### Goal of the exercise
In your copy, reproduce each entry exactly and leave out the pictures.

### Records
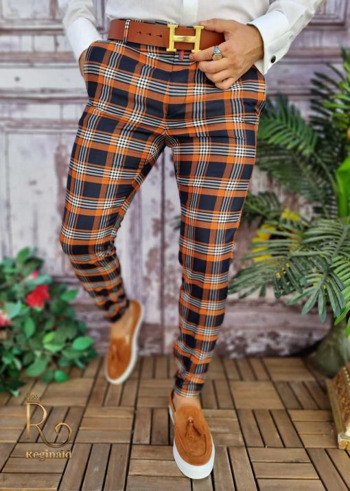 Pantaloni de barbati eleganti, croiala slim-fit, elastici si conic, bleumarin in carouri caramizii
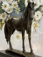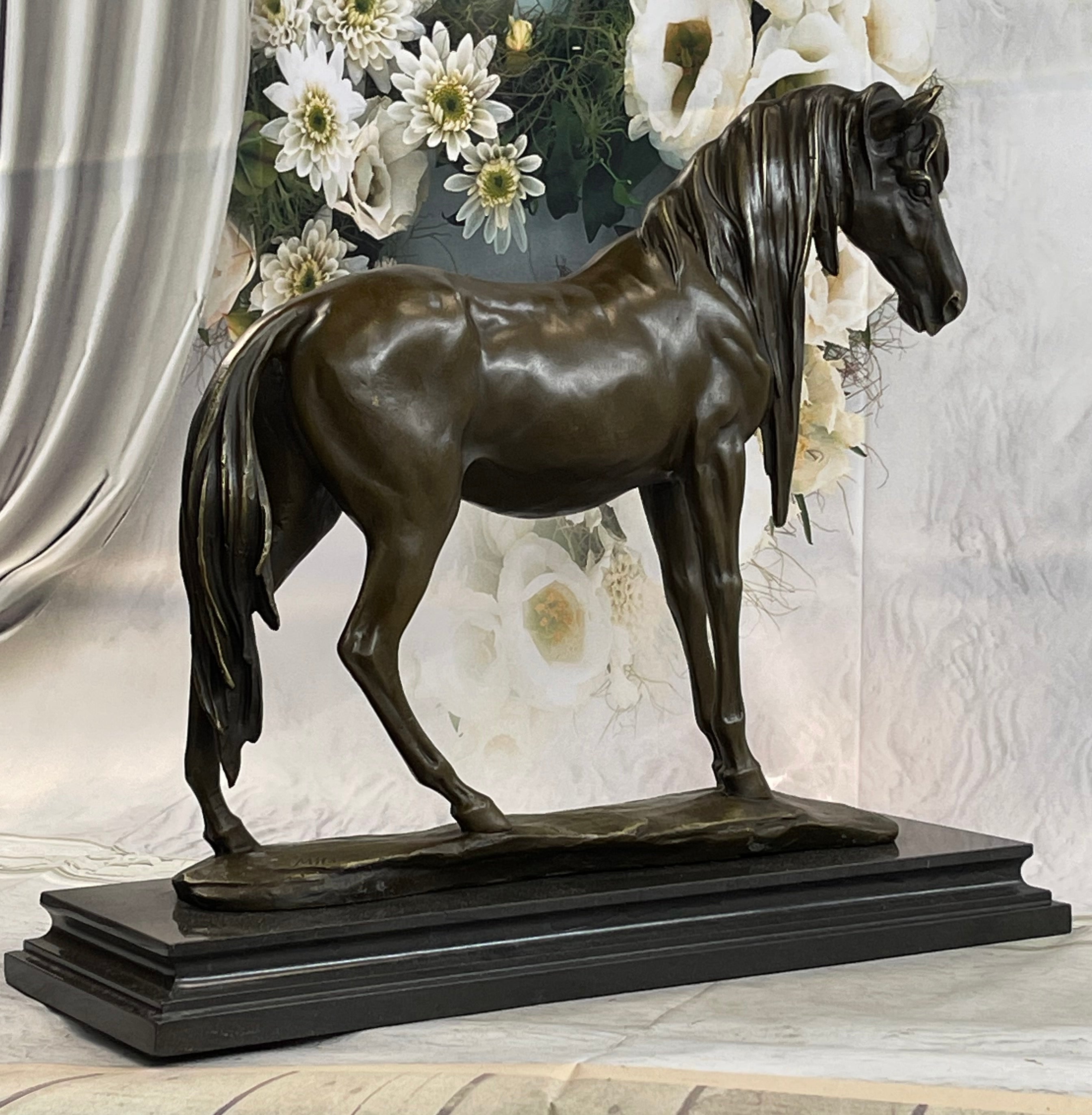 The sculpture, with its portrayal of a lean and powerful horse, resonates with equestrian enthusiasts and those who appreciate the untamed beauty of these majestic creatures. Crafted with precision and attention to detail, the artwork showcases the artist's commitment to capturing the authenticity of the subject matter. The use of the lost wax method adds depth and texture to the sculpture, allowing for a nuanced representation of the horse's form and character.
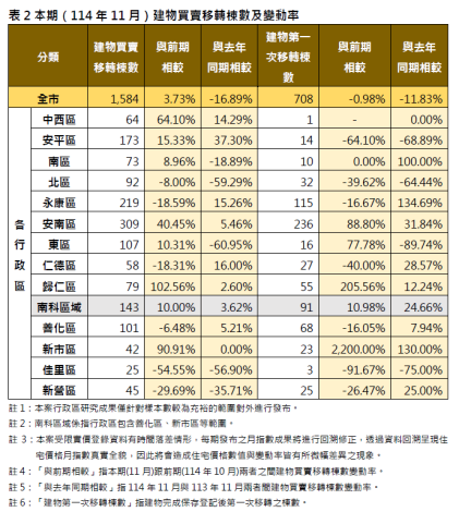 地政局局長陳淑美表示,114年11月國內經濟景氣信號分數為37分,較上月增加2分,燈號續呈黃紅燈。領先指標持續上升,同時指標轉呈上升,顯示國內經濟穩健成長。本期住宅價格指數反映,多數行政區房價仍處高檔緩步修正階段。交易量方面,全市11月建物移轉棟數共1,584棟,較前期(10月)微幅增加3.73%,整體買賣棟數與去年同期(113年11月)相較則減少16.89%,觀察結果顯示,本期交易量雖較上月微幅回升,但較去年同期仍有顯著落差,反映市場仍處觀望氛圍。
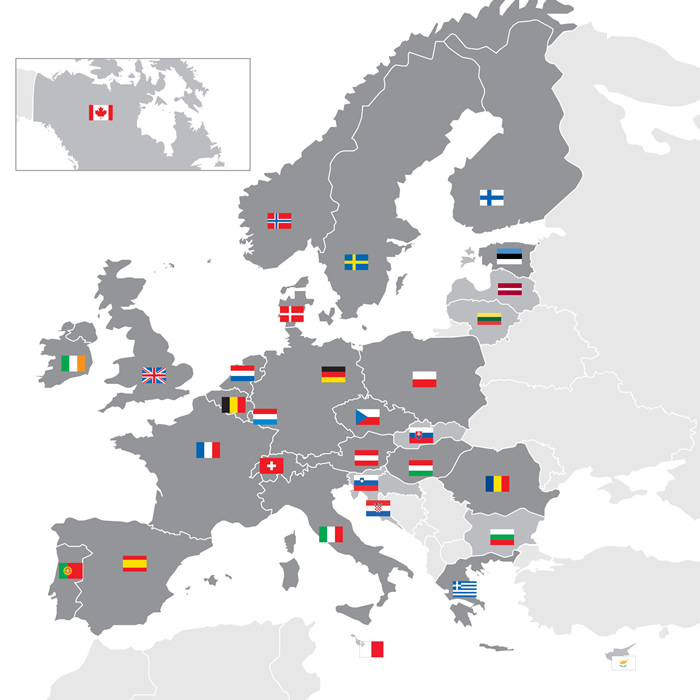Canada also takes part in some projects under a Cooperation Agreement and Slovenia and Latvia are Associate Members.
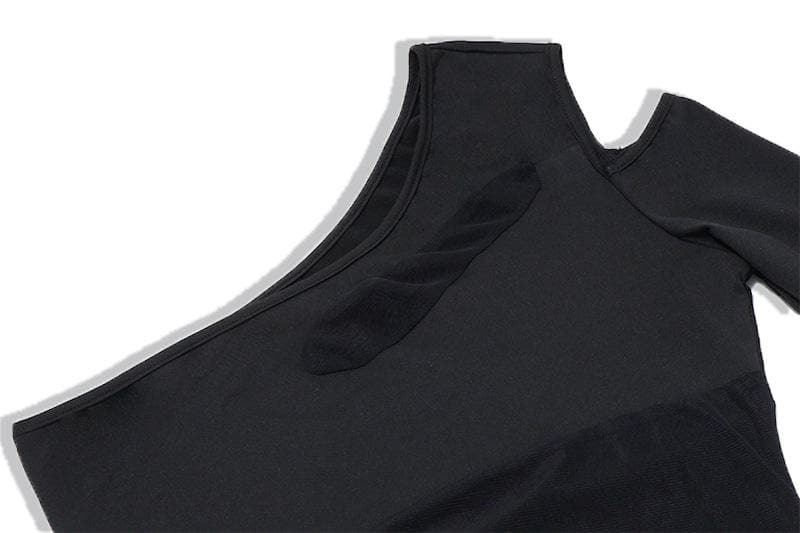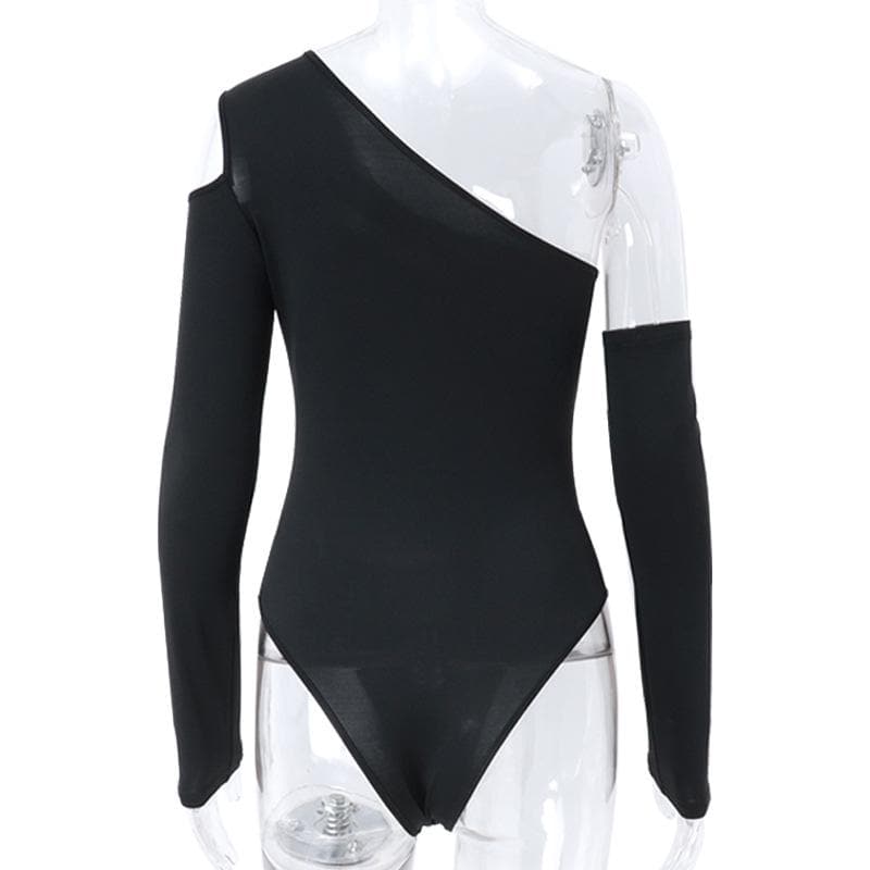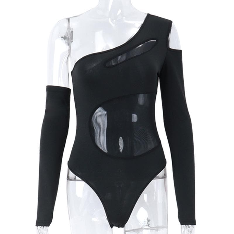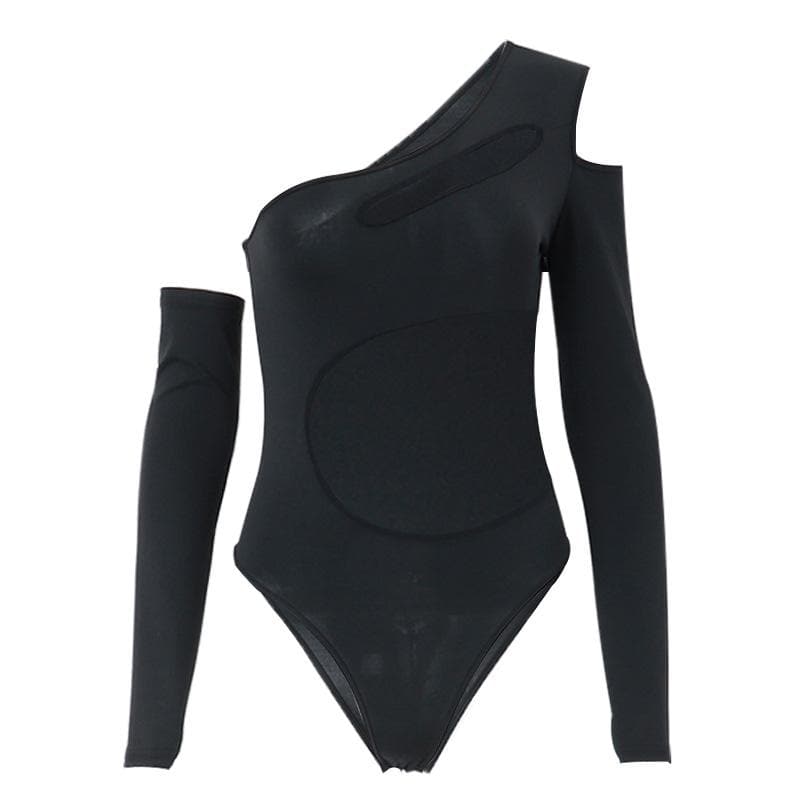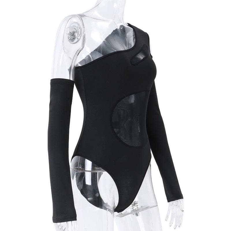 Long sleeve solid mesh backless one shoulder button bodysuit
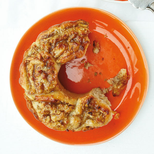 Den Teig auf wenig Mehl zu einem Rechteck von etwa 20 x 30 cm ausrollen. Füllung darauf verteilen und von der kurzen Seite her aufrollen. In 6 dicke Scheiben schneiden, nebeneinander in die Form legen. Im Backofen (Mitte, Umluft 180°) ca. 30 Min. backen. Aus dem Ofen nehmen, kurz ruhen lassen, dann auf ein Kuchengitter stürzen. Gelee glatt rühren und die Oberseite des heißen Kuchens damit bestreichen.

### Solution below
 Pantaloni de barbati eleganti, croiala slim-fit, elastici si conic, bleumarin in carouri caramizii
 The sculpture, with its portrayal of a lean and powerful horse, resonates with equestrian enthusiasts and those who appreciate the untamed beauty of these majestic creatures. Crafted with precision and attention to detail, the artwork showcases the artist's commitment to capturing the authenticity of the subject matter. The use of the lost wax method adds depth and texture to the sculpture, allowing for a nuanced representation of the horse's form and character.
 地政局局長陳淑美表示,114年11月國內經濟景氣信號分數為37分,較上月增加2分,燈號續呈黃紅燈。領先指標持續上升,同時指標轉呈上升,顯示國內經濟穩健成長。本期住宅價格指數反映,多數行政區房價仍處高檔緩步修正階段。交易量方面,全市11月建物移轉棟數共1,584棟,較前期(10月)微幅增加3.73%,整體買賣棟數與去年同期(113年11月)相較則減少16.89%,觀察結果顯示,本期交易量雖較上月微幅回升,但較去年同期仍有顯著落差,反映市場仍處觀望氛圍。
Canada also takes part in some projects under a Cooperation Agreement and Slovenia and Latvia are Associate Members.
 Long sleeve solid mesh backless one shoulder button bodysuit
 Den Teig auf wenig Mehl zu einem Rechteck von etwa 20 x 30 cm ausrollen. Füllung darauf verteilen und von der kurzen Seite her aufrollen. In 6 dicke Scheiben schneiden, nebeneinander in die Form legen. Im Backofen (Mitte, Umluft 180°) ca. 30 Min. backen. Aus dem Ofen nehmen, kurz ruhen lassen, dann auf ein Kuchengitter stürzen. Gelee glatt rühren und die Oberseite des heißen Kuchens damit bestreichen.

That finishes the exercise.